For this challenge, a “word” is defined as any character sequence consisting of non-whitespace characters (\S
) only. That means punctuation and other symbols are part of the word.
The $regexp
is a regular expression. Take care that the regexp can only match individual words! See the Examples for one way this can break if you are not careful.
Examples
last_word(' hello world', qr/[ea]l/); # 'hello'
last_word("Don't match too much, Chet!", qr/ch.t/i); # 'Chet!'
last_word("spaces in regexp won't match", qr/in re/); # undef
last_word( join(' ', 1..1e6), qr/^(3.*?){3}/); # '399933'
Method
It seems the main idea behind this challenge is in the mechanics of passing a regular expression into a subroutine, and in handling a variety of edge-cases that can arise whilst still conforming to the required behavior.
In general, looking for the last occurrence of a thing requires a sense of state to be updated, but finding one solution and moving on is much simpler. So with that in mind, we will tokenize our string and look for a match starting from the end rather than the beginning. Returning after our first match will find that last match in the original string. Easy peasy.
Another detail is that the challenge explicitly asks for a subroutine, so that is what we will create, along with a wrapper to call it.
Raku Solution
For the challenge description, we are given Perl 5 regexes, and the request to return undef
. In Raku, we will need to update this a little, as PCRE requires a little expansion to allow for new abilities. The examples have been altered accordingly. Also, undef
has been replaced by Nil
, another trivial change in keeping with the spirit of the specification. After that, accomplishing the task is short and clear:
[colincrain:~/PWC]$ raku drop-the_mic.p6
hello
Chet!
«no match found»
399933
Note the subroutine asked for does return Nil
here, and the script when given Nil
to report chooses to say «no match found»

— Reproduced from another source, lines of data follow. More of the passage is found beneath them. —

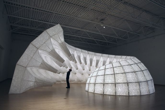 The Capacitor sculpture, installed at the Kohler Arts Center in Sheboygan, receives data from the roof of the Kohler Arts Center to function. It acts according to the current wind intensity and temperature, and changes its level of light and movement in response. Shifts in wind result in the sculpture either contracting or releasing, giving a visual and visceral experience of the weather, indoors.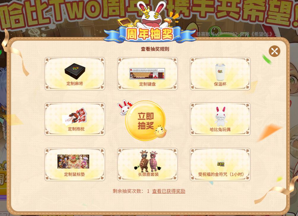 周年慶典抽獎活動已經(jīng)上線,只需每日登錄活動界面即可獲得抽獎機會!精美游戲周邊等你來贏:定制機械鍵盤、《希望OL》主題麻將套裝、哈比兔玩偶、周年慶鼠標墊……轉(zhuǎn)動轉(zhuǎn)盤,讓幸運為你的冒險之旅增添更多驚喜!每日堅持登錄,收獲不一樣的幸運禮物。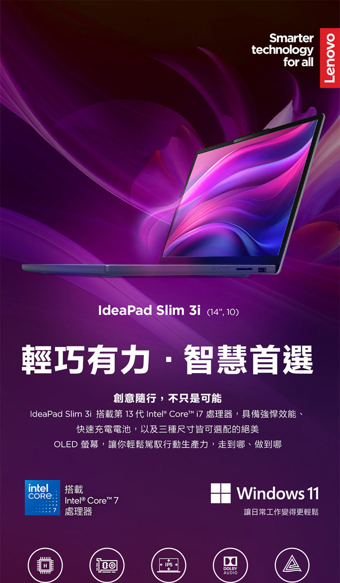 Lenovo IdeaPad Slim 3 83K100PQTW 15.3吋效能筆電 i5-13420H/8G/512G PCIe SSD/Win11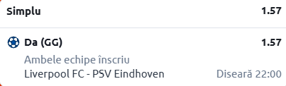 Trecând la pronosticul propus, Liverpool este o formație care marchează constant, dar apărarea este bulevard, iar olandezii de la PSV știu exact cum să profite la maxim de acest aspect. Varianta “safe” merge pe GG.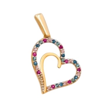 Złoty wisiorek serce z żółtego i białego złota z kolorowymi cyrkoniami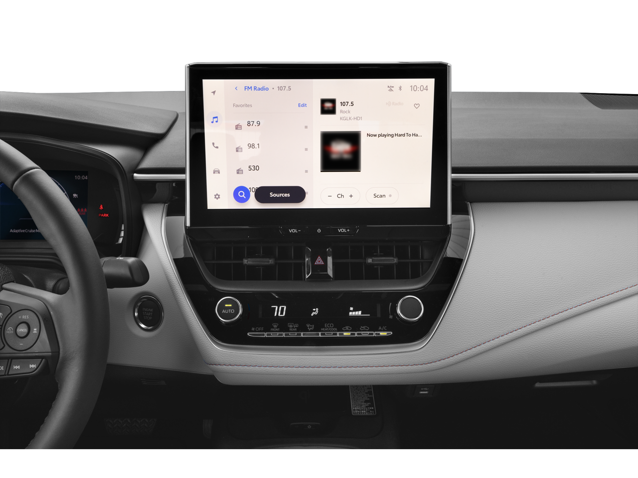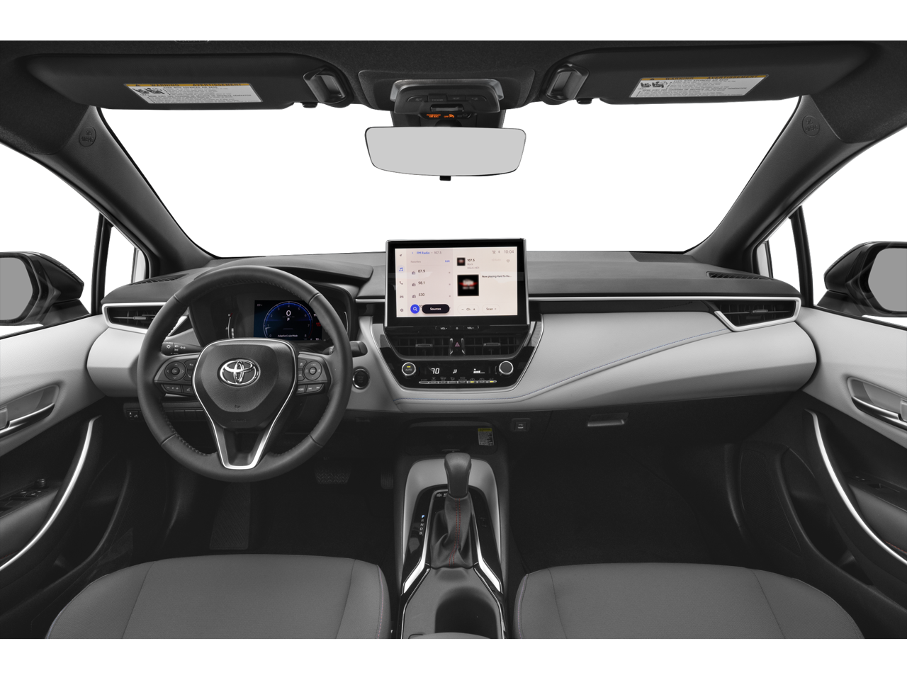 This vehicle comes equipped with: 4-Wheel Disc Brakes, 6 Speakers, ABS brakes, Air Conditioning, Alloy wheels, AM/FM radio: SiriusXM, Apple CarPlay/Android Auto, Auto High-beam Headlights, Automatic temperature control, Brake assist, Bumpers: body-color, Delay-off headlights, Driver door bin, Driver vanity mirror, Dual front impact airbags, Dual front side impact airbags, Electronic Stability Control, Emergency communication system: Safety Connect (up to 10-year trial subscription), Exterior Parking Camera Rear, Fabric Seat Trim, Four wheel independent suspension, Front anti-roll bar, Front Bucket Seats, Front Center Armrest, Front reading lights, Front Sport Seats, Fully automatic headlights, Heated door mirrors, Illuminated entry, Knee airbag, Leather steering wheel, Low tire pressure warning, Navigation system: Drive Connect Cloud Navigation (1-year trial subscription), Occupant sensing airbag, Outside temperature display, Overhead airbag, Panic alarm, Passenger door bin, Passenger vanity mirror, Power door mirrors, Power steering, Power windows, Radio data system, Radio: 10.5 Toyota Audio Multimedia, Rear anti-roll bar, Rear seat center armrest, Rear side impact airbag, Rear window defroster, Remote keyless entry, Speed control, Split folding rear seat, Spoiler, Steering wheel mounted audio controls, Tachometer, Telescoping steering wheel, Tilt steering wheel, Traction control, Trip computer, Turn signal indicator mirrors, Variably intermittent wipers, and Wheels: 18 Satin-Black Finished Alloy.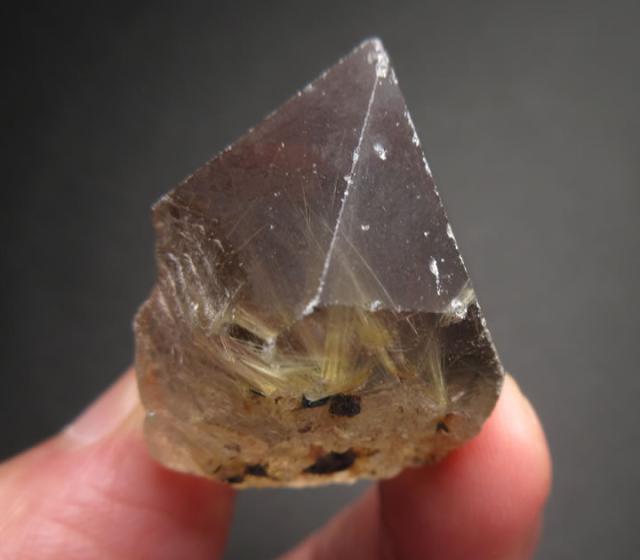 水晶の中に針状の鉱物(ルチル)が閉じ込められた神秘的な石です。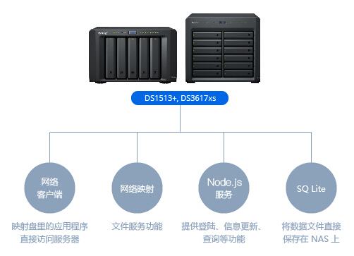 根據(jù)網(wǎng)格化管理的業(yè)務(wù)需求,群暉制定了基于 NAS 文件服務(wù) + Node.js 數(shù)據(jù)庫服務(wù)( sqlite+socket )+ 綠色客戶端軟件的方案,從一開始僅啟用了基礎(chǔ)的文件共享功能,再到資源整合與程序開發(fā),整體架構(gòu)實(shí)現(xiàn)快速部署,能夠滿足鹿城區(qū)行政執(zhí)法業(yè)務(wù)需求。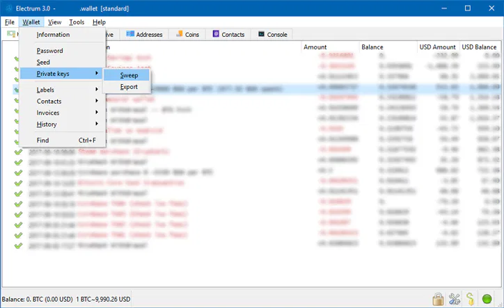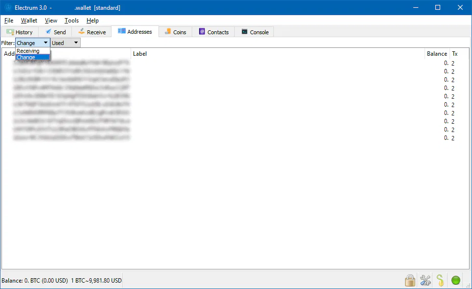 Filterdropdown, selectReceivingand thenUsed - Go back to the CSV file and locate the addresses from the Used list in Electrum, and copy their matching private keys to another text file. I’ll refer to this second file as ‘the shortlist’.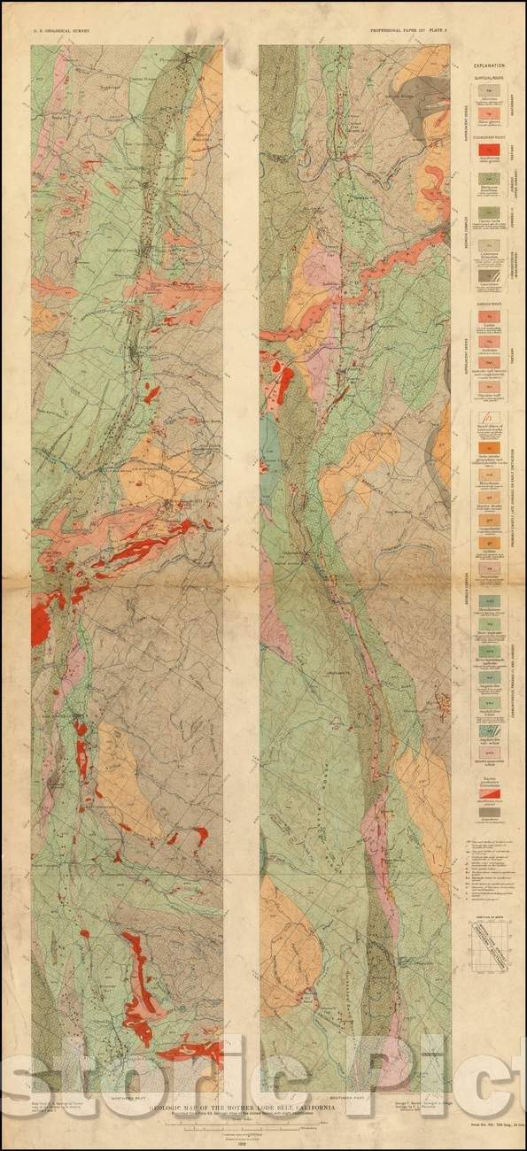 • .Historic Map - Geological Map of the Mother Lode Belt, California, 1928, U.S. Geological Survey - Vintage Wall Art

instead to avoid confusion with a match. Seems as good a way to handle this as any.
sub MAIN() {
my @pairs =
[' hello world', rx/<[ea]>l/],
["Don't match too much, Chet!", rx:i/ch.t/],
["spaces in regexp won't match", rx:s/in re/],
[(1 .. 1e6).join( ' ' ), rx/^(3.*?) ** 3/];
for @pairs -> ($string, $regex) {
(last_word( $string, $regex ) || '«no match found»').say
}
}
## ## ## ## ## SUBS:
sub last_word ($string, $regex) {
my @words = $string.split( /\s/, :skip-empty );
for @words.reverse {
return $_ if $_.match: /$regex/
}
return Nil;
}
Perl Solution
For the Perl 5 solution we did things a slight bit differently, choosing to pop items directly off the back of our word list, rather than reversing it. Presumably a little quicker in pathological cases, like our million element array made from a six million character string. Who does that, anyway? Well, we do. That is the answer.
use warnings;
use strict;
use feature ":5.26";
## ## ## ## ## MAIN:
my @pairs = ( [' hello world', qr/[ea]l/],
["Don't match too much, Chet!", qr/ch.t/i],
["spaces in regexp won't match", qr/in re/],
[ join(' ', 1..1e6), qr/^(3.*?){3}/] );
for my $parameters ( @pairs ) {
my $word = last_word($parameters->@*);
if (defined $word) {
say $word
}
else {
say "\t«no match found»";
}
}
## ## ## ## ## SUBS:
sub last_word {
my ($string, $regex) = @_;
my @words = split /\s/, $string;
my $word;
while (@words > 0) {
$word = pop @words;
return $word if ($word =~ m/$regex/);
}
return undef;
}
TASK #2 › Rotate String
Submitted by: Mohammad S Anwar
Intricately Crafted by: RYAN THOMPSON
Given a word made up of an arbitrary number of x
and y
characters, that word can be rotated as follows: For the ith rotation (starting at i = 1), i % length(word) characters are moved from the front of the string to the end. Thus, for the string xyxx
, the initial (i = 1) % 4 = 1 character (x
) is moved to the end, forming yxxx
. On the second rotation, (i = 2) % 4 = 2 characters (yx
) are moved to the end, forming xxyx
, and so on. See below for a complete example.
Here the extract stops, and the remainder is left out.